*Not Accredited for CME Credit*
Host Holly Wayment brings us Houston spine surgeon Rex Marco, MD who, after a terrible cycling accident , faced life-changing paralysis to recovery through mindfulness, the RAIN method, and radical acceptance. He describes what happened to him and how in one moment everything can change. His work now explores how compassion, mindfulness, and vulnerability can reshape how we live, lead, and heal.
In 2019, Dr. Marco sustained a C3–4 fracture-dislocation in a cycling accident, resulting in C2 quadriplegia. Today, he serves as the Chief Medical Ambassador for the Christopher & Dana Reeve Foundation, advocating for research, cure, and improved quality of life for individuals living with spinal cord injury. He is also a certified mindfulness meditation teacher and is passionate about integrating resilience, presence, and emotional healing into medicine, leadership, and life. He's known for creative and transformative teaching and shares that his most profound transformation came through recovery, where he confronted longstanding patterns in how he related to himself and others.
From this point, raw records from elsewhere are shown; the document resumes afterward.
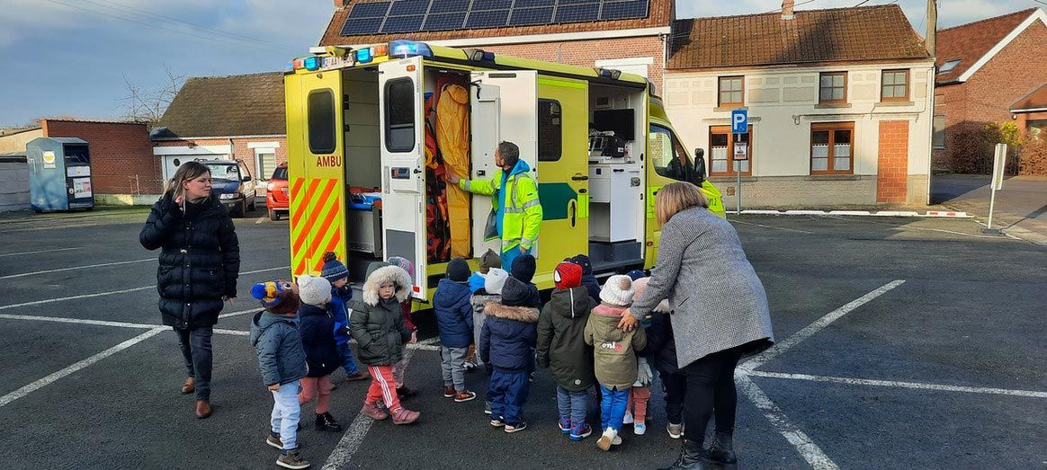 Ce Mercredi 08 Février 2023 les enfants de l'Ecole maternelle communale "les p'tites canailles de Papignies" ont reçu la visite d'une ambulance du service.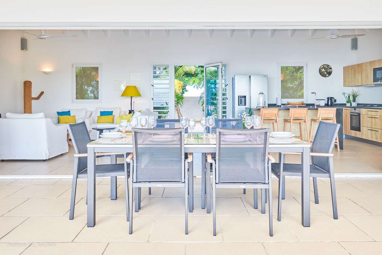 The large, covered terrace is great for enjoying the island weather. Next to the dining table is a comfortable lounge area, encouraging you to curl up with a good book or kick back with a tropical cocktail. From here, the sunset views over the water are amazing.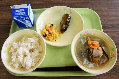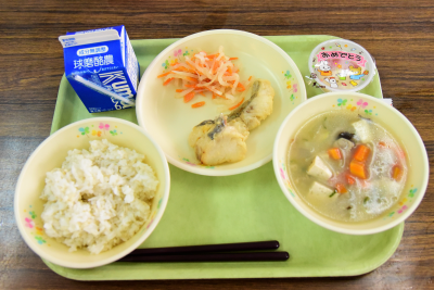 麦ご飯、サンマのみぞれ煮、彩りあえ、のっぺい汁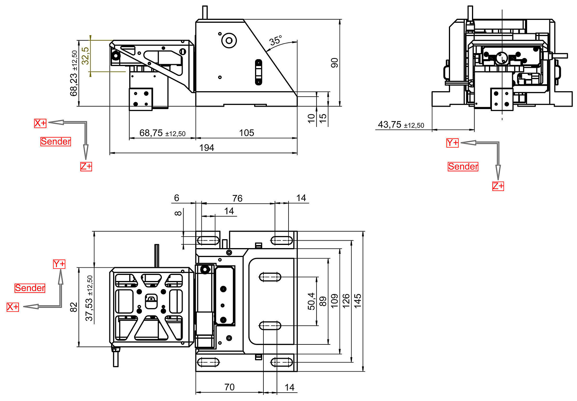 Active axes, rough positioning | X ǀ Y ǀ Z | X ǀ Y ǀ Z | |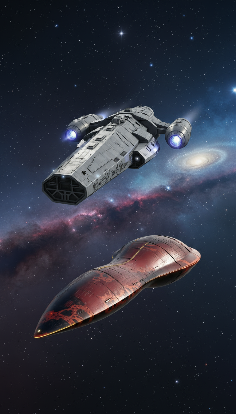Approaching the coordinates of the signal in what would later be designated GL 54, the Qingdao encountered a formation of unknown vessels. Their surfaces glistened like black glass, moving in silent formation near an asteroid cluster. They bore no resemblance to any Terran ship. Zhou ordered a full sensor sweep, but the instruments failed as one of the vessels emitted a pulse that disrupted every system on board.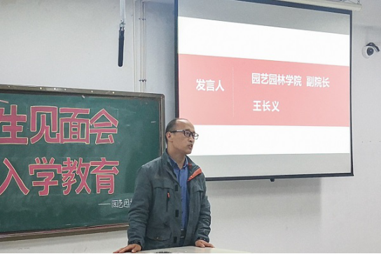 为让2020级新生更加了解大学生活、学院特色及专业前景,园艺园林学院于10月22日18点在图教楼B205举办党政领导与新生见面会暨2020级新生入学教育,见面会由辅导员王玲玉老师主持,院党委书记陈玉林、院长宰学明、院党委副书记钱江、副院长王长义出席本次见面会。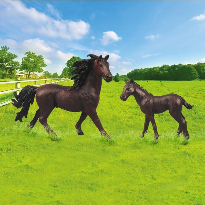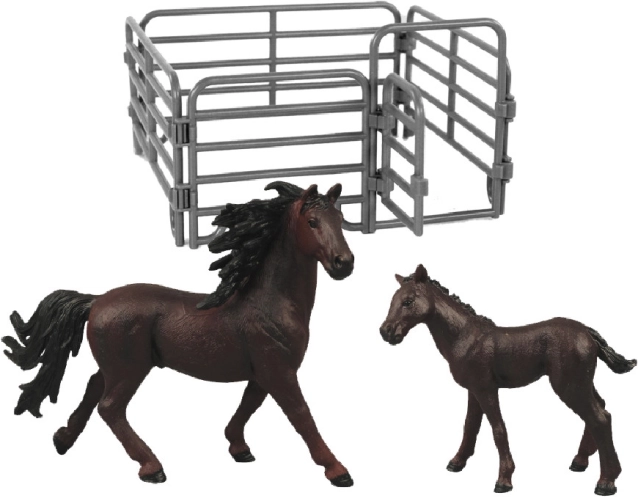 Uzupełnij swoją kolekcję zabawek o ten piękny zestaw koni z zagrodą. Figurka konia i źrebięcia jest realistycznie wykonana i cieszy wszystkie grupy wiekowe. Opakowanie zawiera:
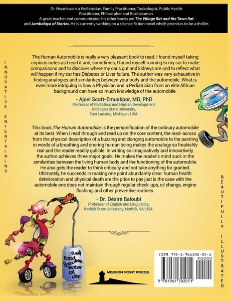 Uncanny and apt comparisons of humans to automobiles. Comparisons used to educate readers on the importance of maintaining your body as you maintain your automobile. How often do we rush to the automobile mechanic when we hear a noise in our automobile but neglect to see our physician when our bodies give us warning signs? Hopefully after reading this book, you will care for your body as you would care for your automobile. Whilst parts or entire automobiles are replaceable, despite advances in transplantation, human parts are still hard to replace. Therefore, take good care of your body to enjoy your automobile as you may expire before your automobile. If you find The Human Automobile educative and informative, please share the joy and enlightenment. Your "health" shall thank you for it. Happy reading!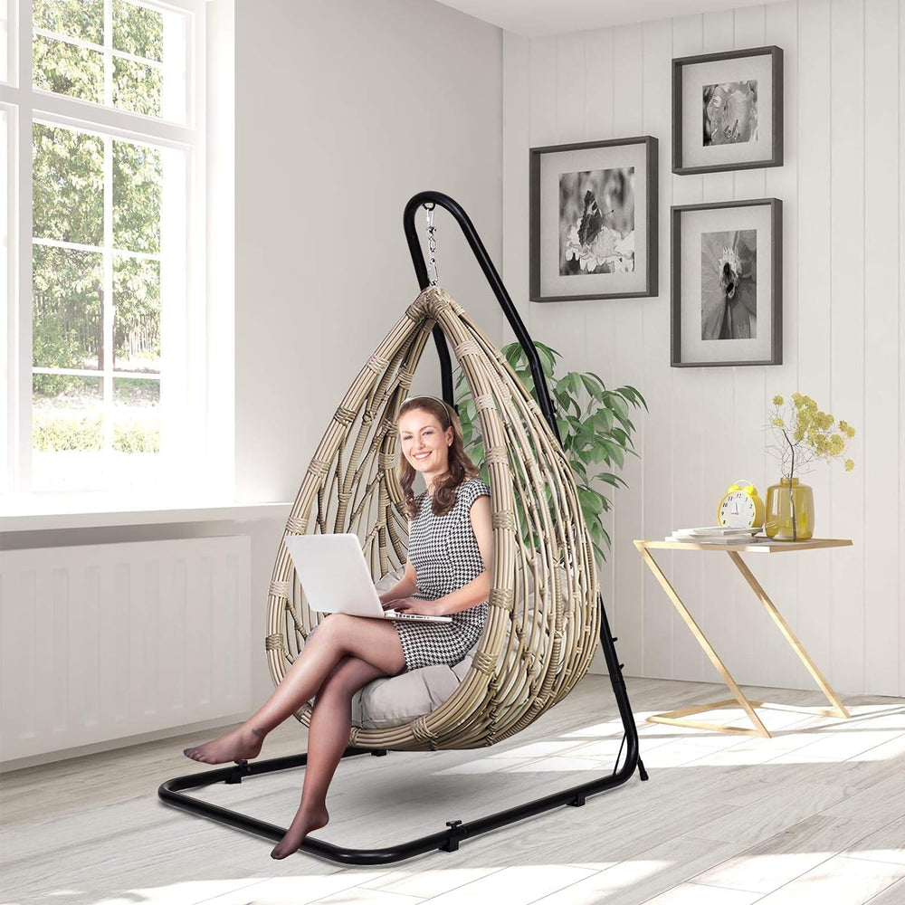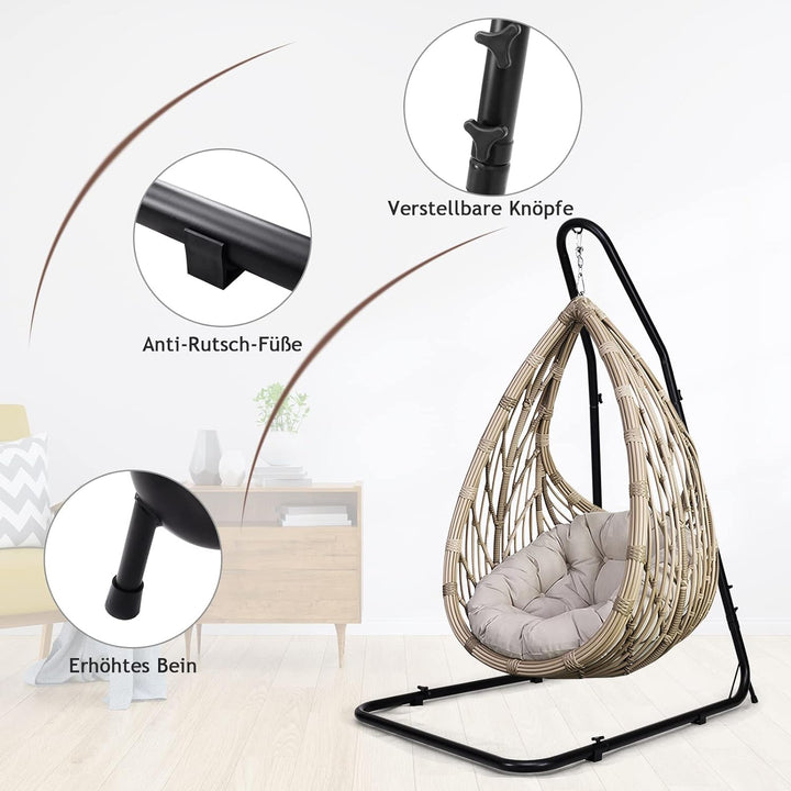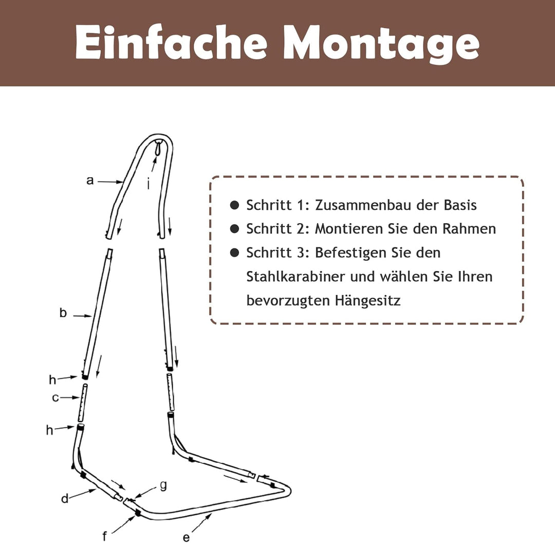 - Grosse Stabilität - Das Hängestuhlgestell besteht aus langlebigem Material mit Stahlrohren sorgt für eine starke Stabilität. Und das Gestell hat eine hohe Belastung von 150 kg, die Ihre Sicherheit darauf gewährleisten.

This episode explores how he says acceptance, gratitude, and recovery programs transformed his leadership, clinical practice, and family life, offering actionable tools for cultivating presence and emotional safety.
Dr. Rex Marco is an internationally recognized orthopedic spine and musculoskeletal oncology surgeon whose career has centered on caring for patients with complex spinal disorders and tumors. He completed his undergraduate studies at UC Irvine and conducted research at the National Institutes of Health through the Howard Hughes Medical Institute before earning his medical degree from the UCLA School of Medicine. He went on to complete surgical training at Virginia Mason Medical Center, orthopedic residency at UC Davis, and dual fellowships in musculoskeletal oncology at Memorial Sloan Kettering Cancer Center and reconstructive spine surgery at Rush University.
Dr. Marco has held leadership roles at MD Anderson Cancer Center, Texas Children’s Hospital, Houston Methodist Hospital, and UTHealth Houston, where he serves as Spine Fellowship Director.